On Nov. 17, 2010, Eric Opiela sent an email to Gerard Interiano. A Texas Republican Party associate general counsel, Opiela served at that time as a campaign adviser to the state’s speaker of the House Joe Straus, R-San Antonio; he was about to become the man who state lawmakers understood spoke “on behalf of the Republican Congressmen from Texas,” according to minority voting-rights plaintiffs, who have sued Texas for discriminating against them. A few weeks before receiving Opiela’s email, Interiano had started as counsel to Straus’ office. He was preparing to assume top responsibility for redrawing the state’s political maps; he would become the “one person” on whom the state’s redistricting “credibility rests,” according to Texas’ brief in voting-rights litigation.
In the Nov. 17, 2010, email, Opelia asked Interiano to look for specific data about Hispanic populations and voting patterns. “These metrics would be useful to identify the ‘nudge factor’ by which one can analyze which census blocks, when added to a particular district [they] help pull the district’s Total Hispanic pop … to majority status, but leave the Spanish surname RV [registered voters] and TO [turnout] the lowest,” Opiela writes to the mapmaker. Interiano responded two days later: “I will gladly help with this Eric but you’re going to have to explain to me in layman’s terms.”

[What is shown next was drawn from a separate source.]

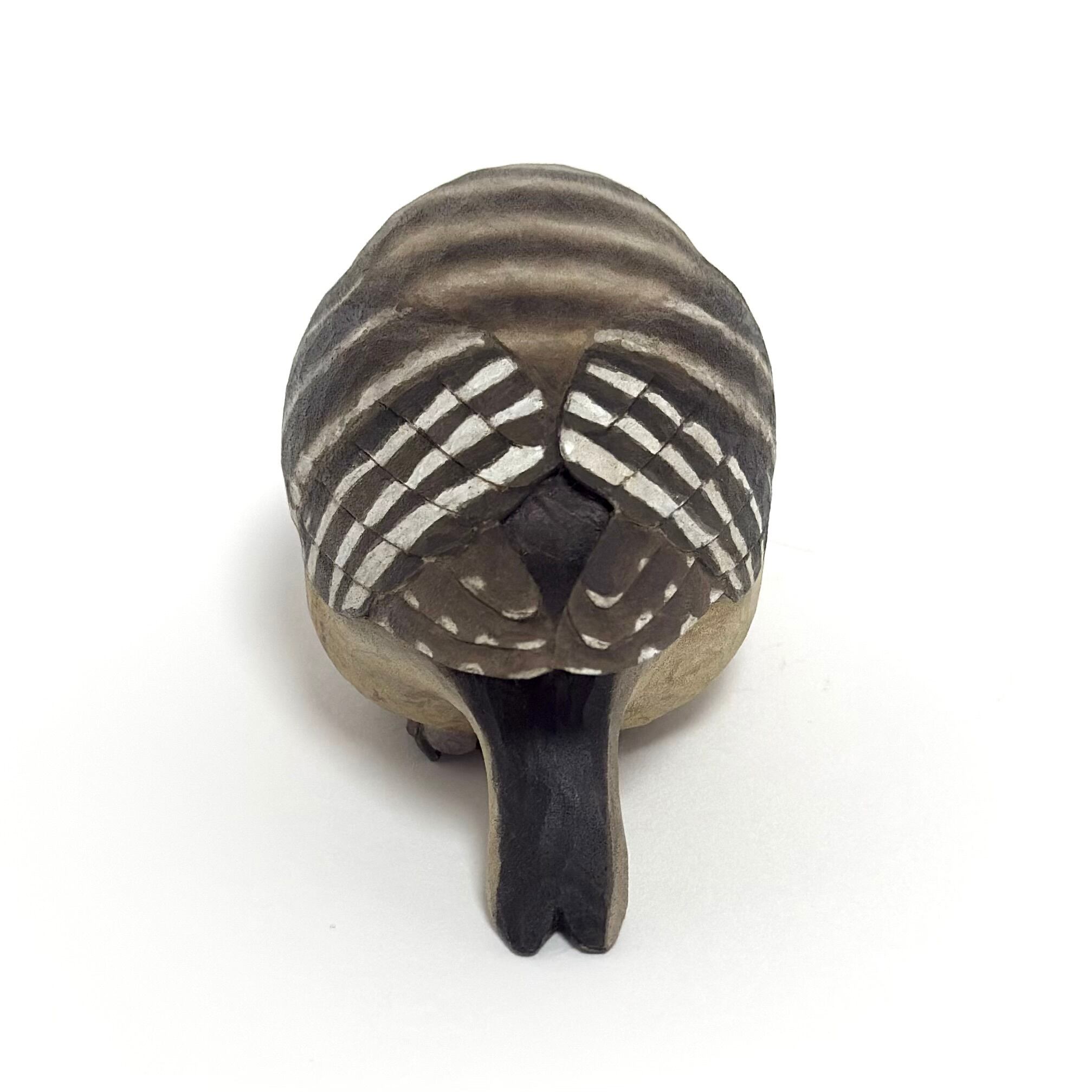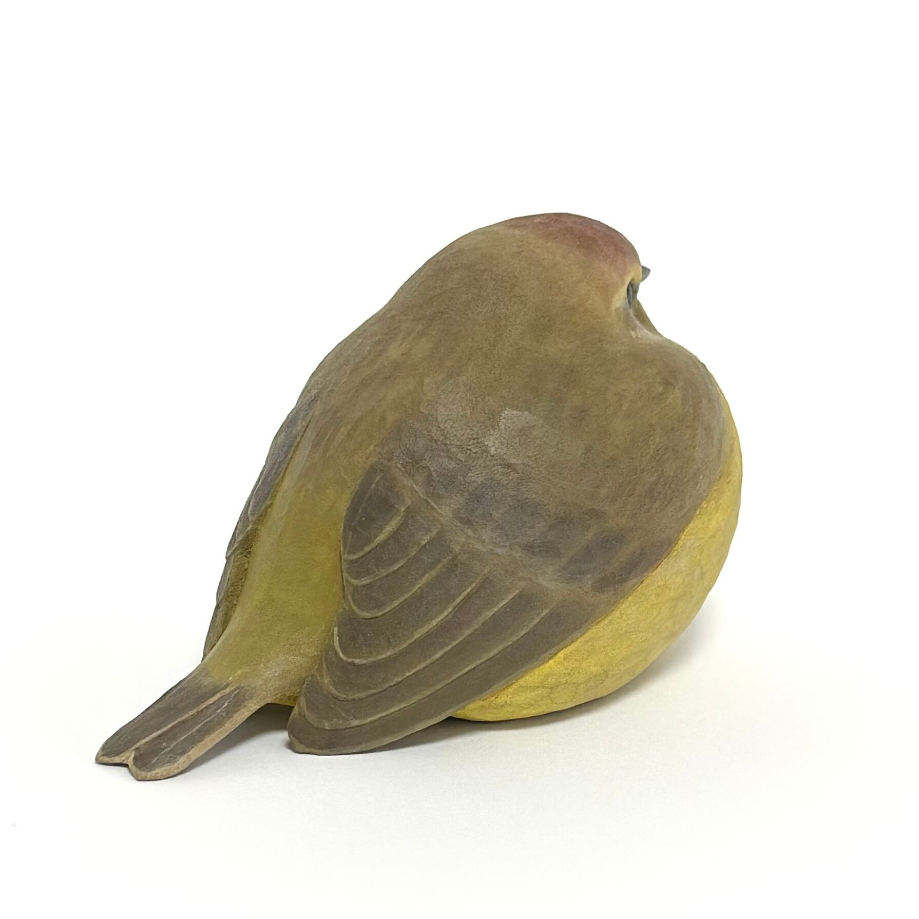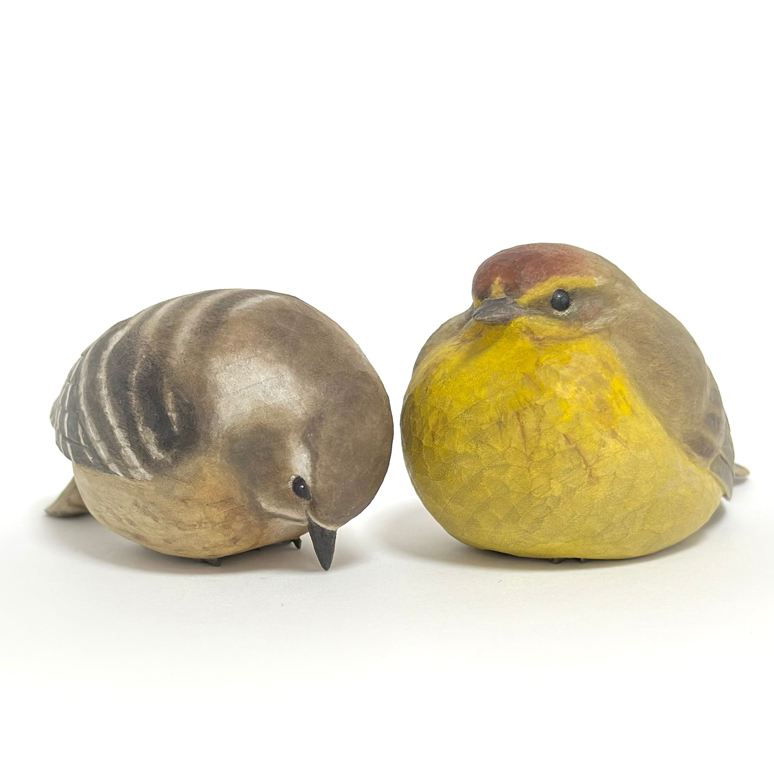 They are wood carvings of a Palm Warbler and a Japanese Pygmy Woodpecker.

Two years and seven months after that email exchange — and one year ago on June 25, 2013 — the U.S. Supreme Court issued a 5-4 ruling in Shelby County v. Holder,which struck down a provision of the Voting Rights Act of 1965 that had allowed the federal government to “pre-clear” redistricting maps proposed by Texas and other states with a history of discriminating against minority voters.